-- THE TASK --
Take the entries below and reproduce exactly the portion that begins at the line containing "Планировка кла" and ends at the line containing "Đồng Phục Nữ", keeping both ends, dropping pictures, and adding nothing else.

-- PROVIDED DATA --
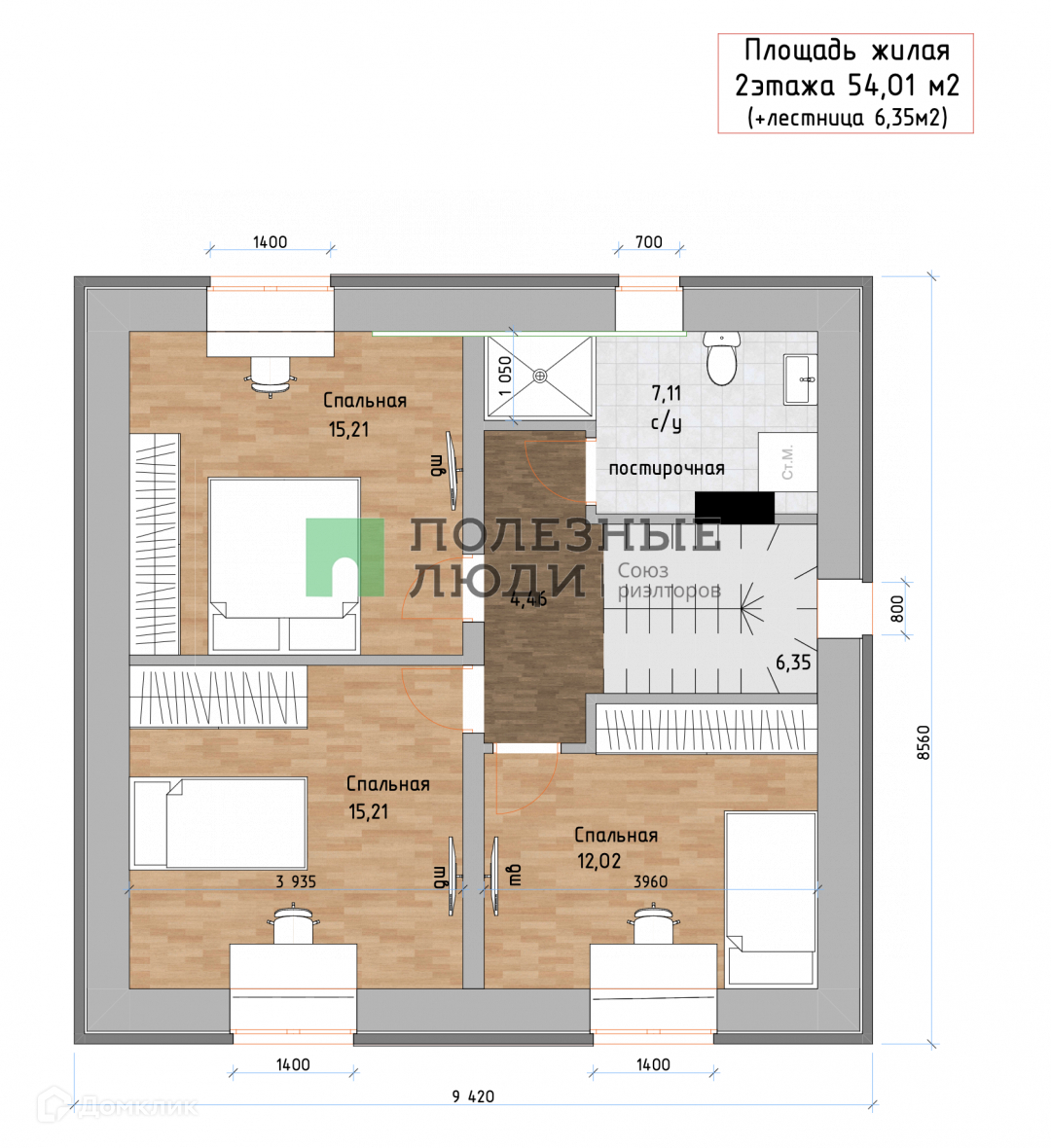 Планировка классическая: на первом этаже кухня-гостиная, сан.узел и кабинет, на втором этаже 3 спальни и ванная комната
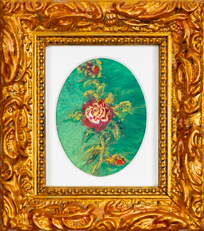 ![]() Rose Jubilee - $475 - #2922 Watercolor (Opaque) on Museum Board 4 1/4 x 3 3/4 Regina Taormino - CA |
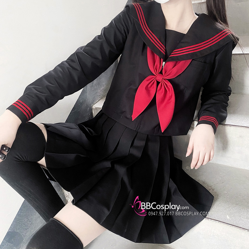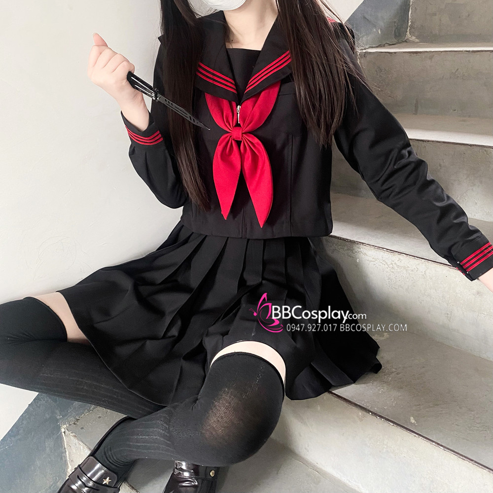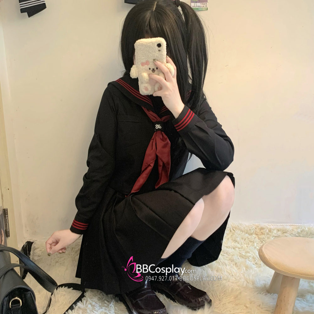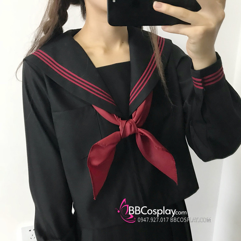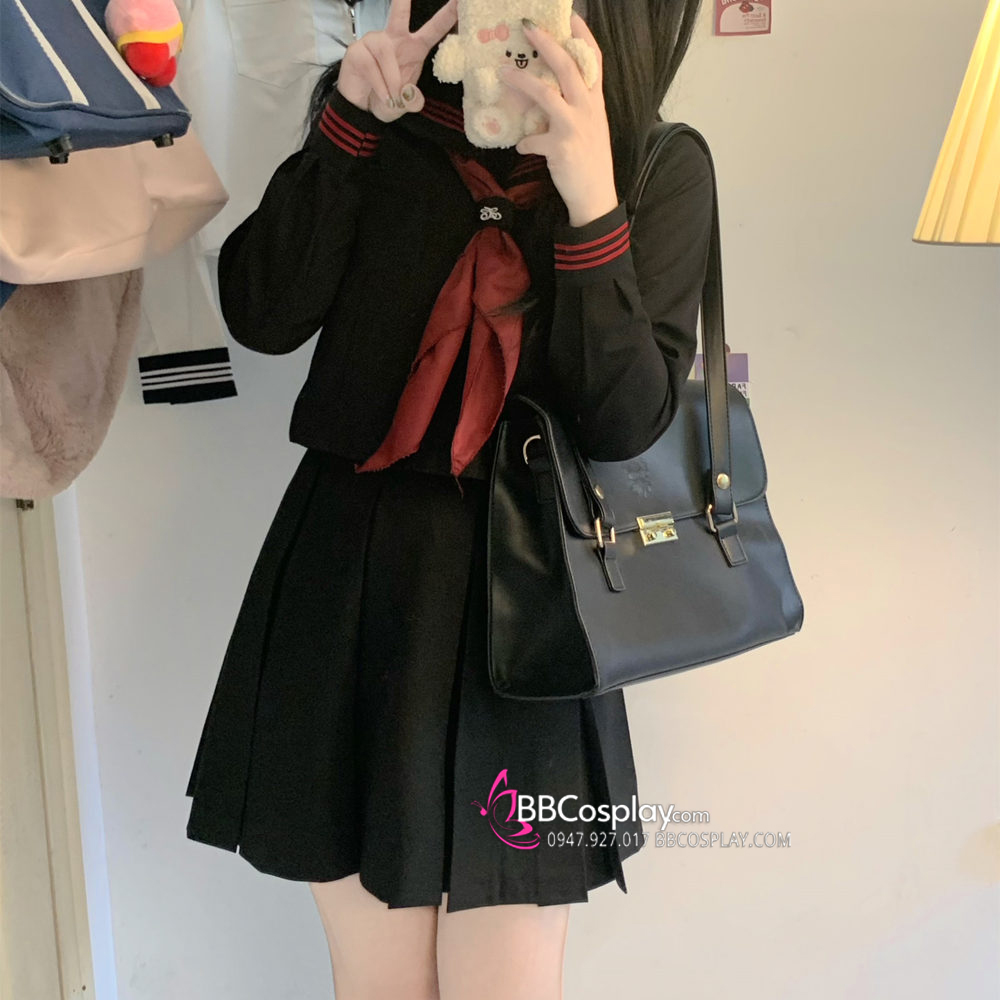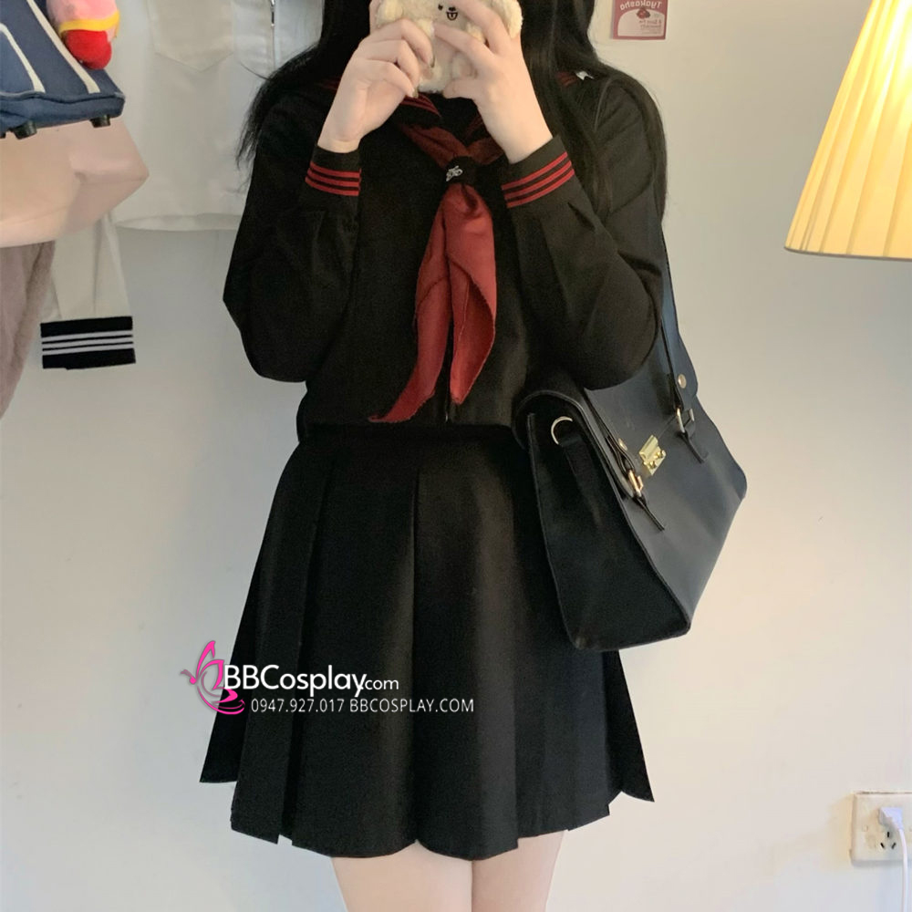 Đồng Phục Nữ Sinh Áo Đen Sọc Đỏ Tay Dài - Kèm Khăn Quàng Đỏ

--

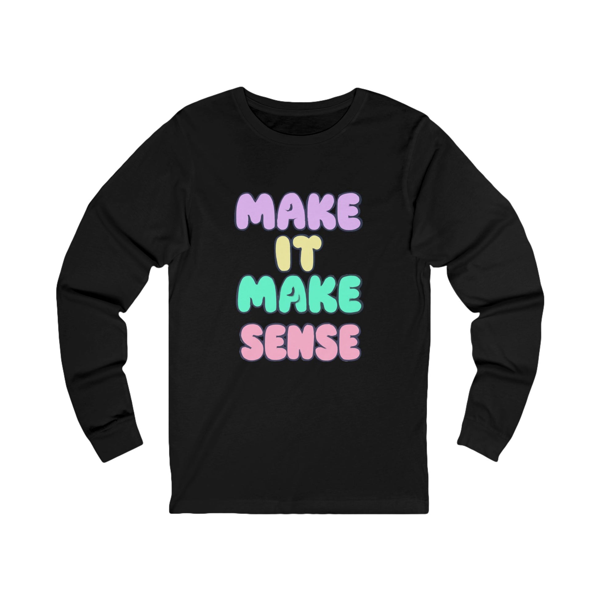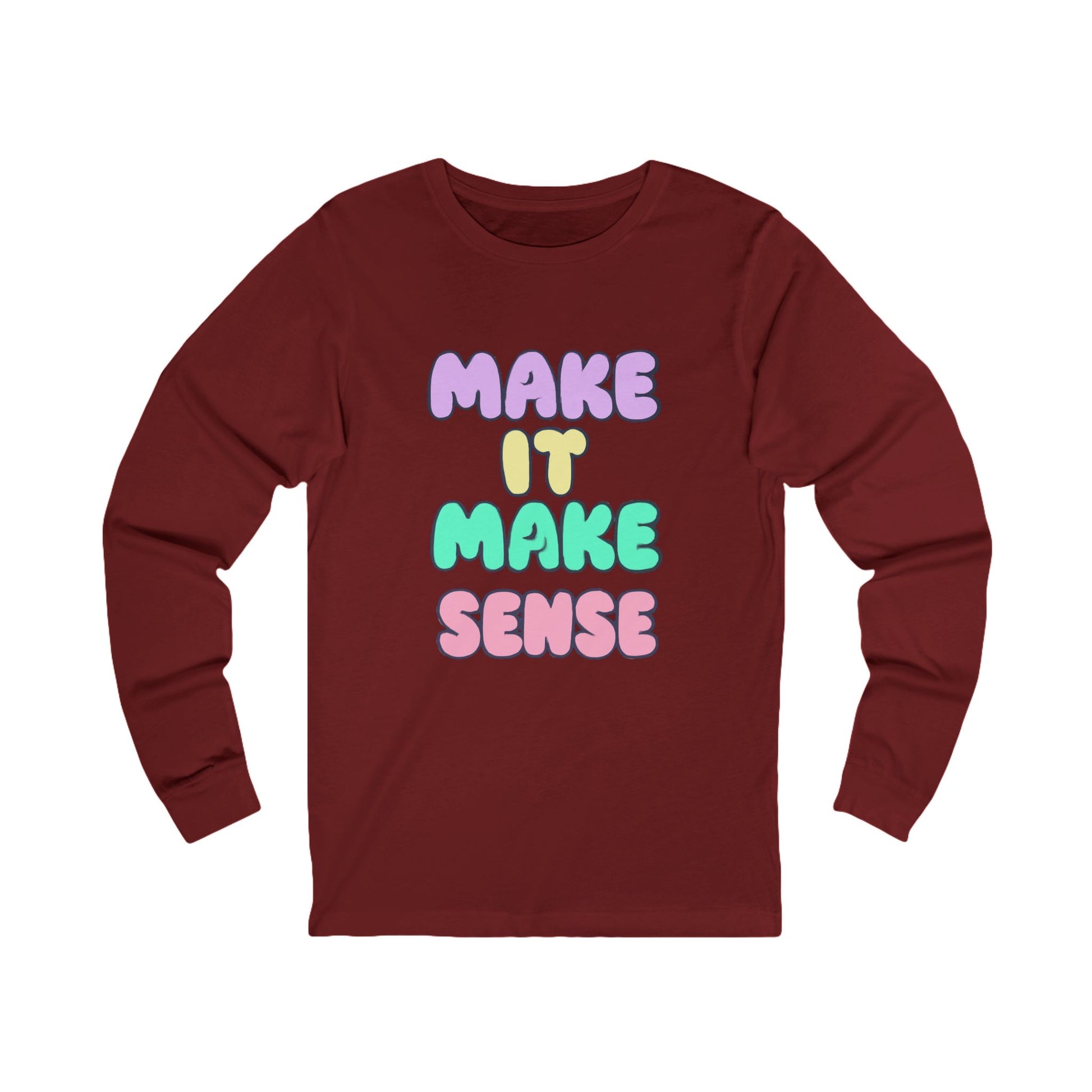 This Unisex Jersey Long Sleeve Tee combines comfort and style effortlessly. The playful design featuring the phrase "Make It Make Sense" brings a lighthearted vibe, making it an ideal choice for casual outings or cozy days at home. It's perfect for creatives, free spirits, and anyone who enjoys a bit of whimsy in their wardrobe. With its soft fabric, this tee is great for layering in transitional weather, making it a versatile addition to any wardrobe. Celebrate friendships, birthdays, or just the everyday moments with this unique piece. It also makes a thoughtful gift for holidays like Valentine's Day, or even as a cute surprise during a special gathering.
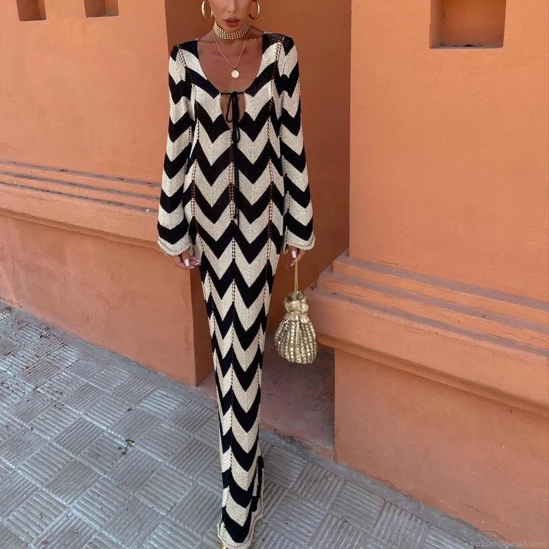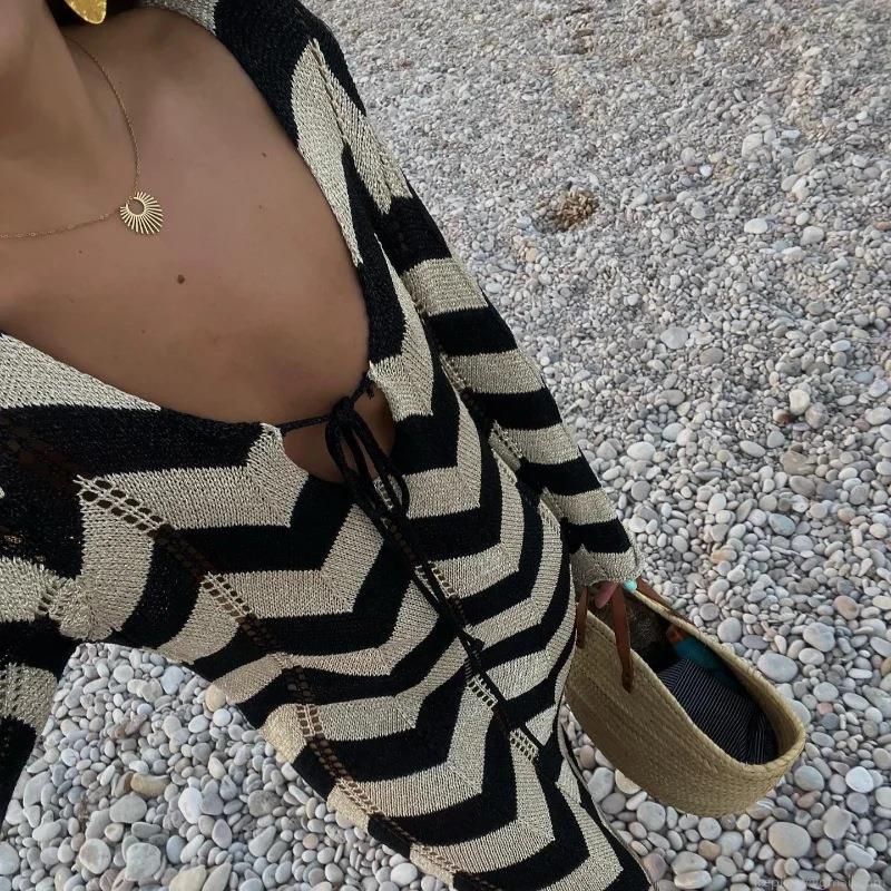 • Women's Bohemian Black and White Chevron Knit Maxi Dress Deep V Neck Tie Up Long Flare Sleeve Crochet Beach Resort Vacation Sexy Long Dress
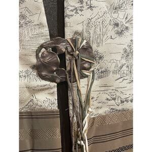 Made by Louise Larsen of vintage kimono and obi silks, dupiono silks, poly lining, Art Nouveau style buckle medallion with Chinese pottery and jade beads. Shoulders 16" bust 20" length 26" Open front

...

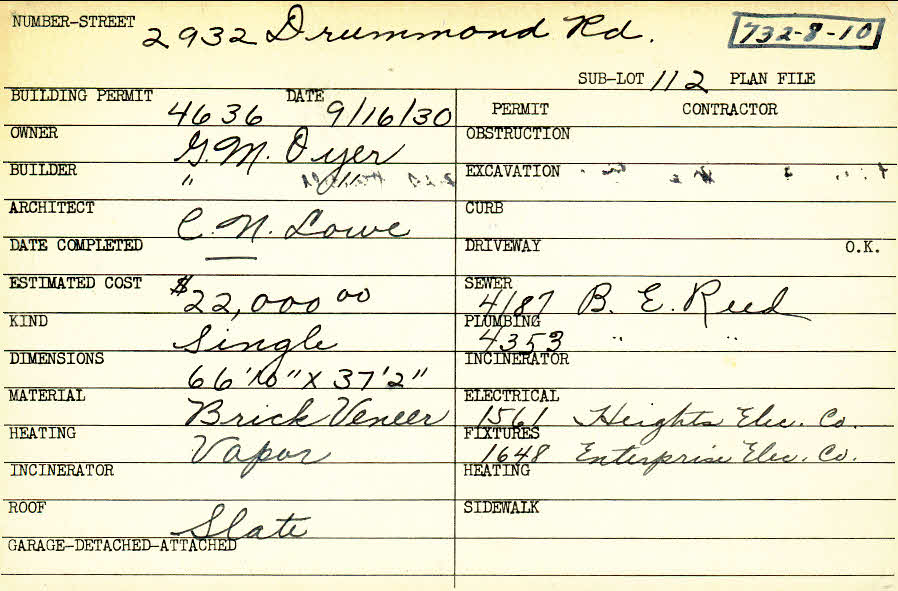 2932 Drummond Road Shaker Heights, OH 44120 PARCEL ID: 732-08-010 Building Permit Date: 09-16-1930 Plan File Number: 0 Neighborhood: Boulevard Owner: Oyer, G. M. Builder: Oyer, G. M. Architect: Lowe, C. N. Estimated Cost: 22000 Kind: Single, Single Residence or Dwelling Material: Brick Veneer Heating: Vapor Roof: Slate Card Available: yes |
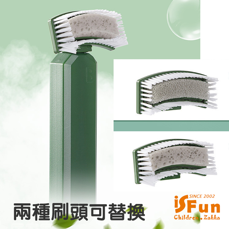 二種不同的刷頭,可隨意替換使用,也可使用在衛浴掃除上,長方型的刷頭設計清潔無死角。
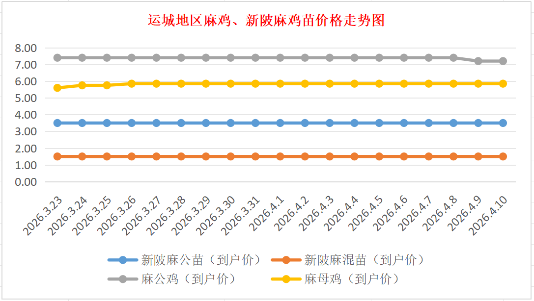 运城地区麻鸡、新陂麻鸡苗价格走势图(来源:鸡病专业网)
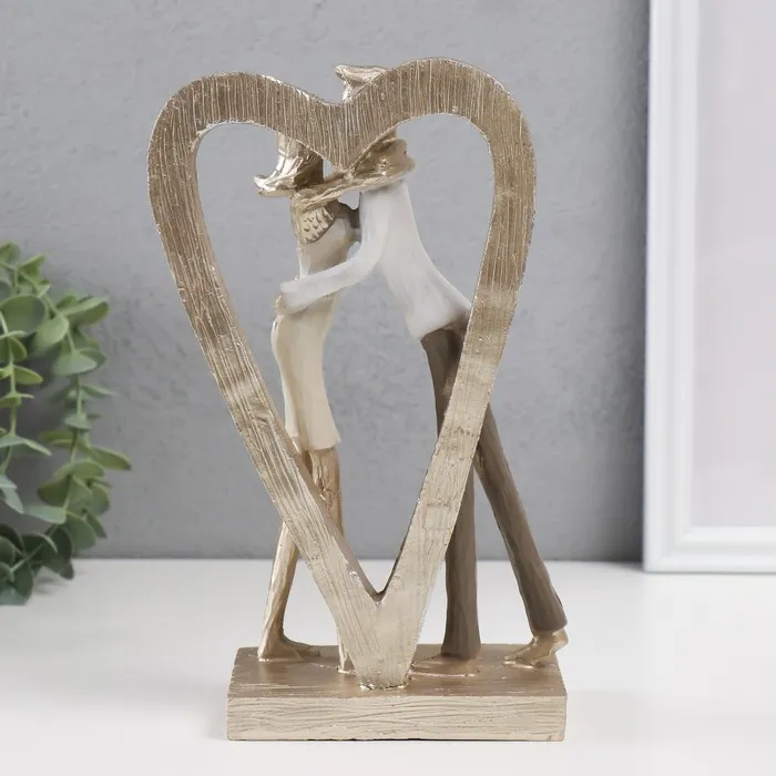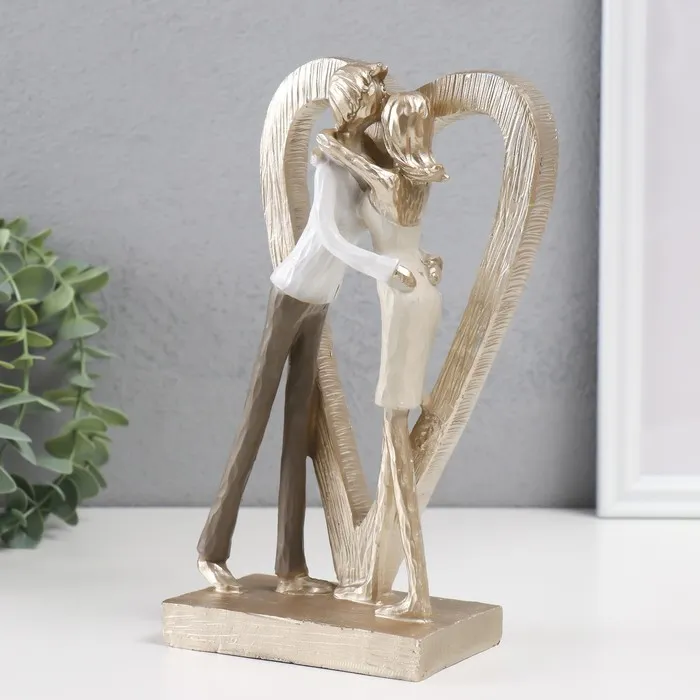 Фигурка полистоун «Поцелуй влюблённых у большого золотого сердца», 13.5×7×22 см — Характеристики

-- TASK RESULT --
 Планировка классическая: на первом этаже кухня-гостиная, сан.узел и кабинет, на втором этаже 3 спальни и ванная комната
 ![]() Rose Jubilee - $475 - #2922 Watercolor (Opaque) on Museum Board 4 1/4 x 3 3/4 Regina Taormino - CA |
 Đồng Phục Nữ Sinh Áo Đen Sọc Đỏ Tay Dài - Kèm Khăn Quàng Đỏ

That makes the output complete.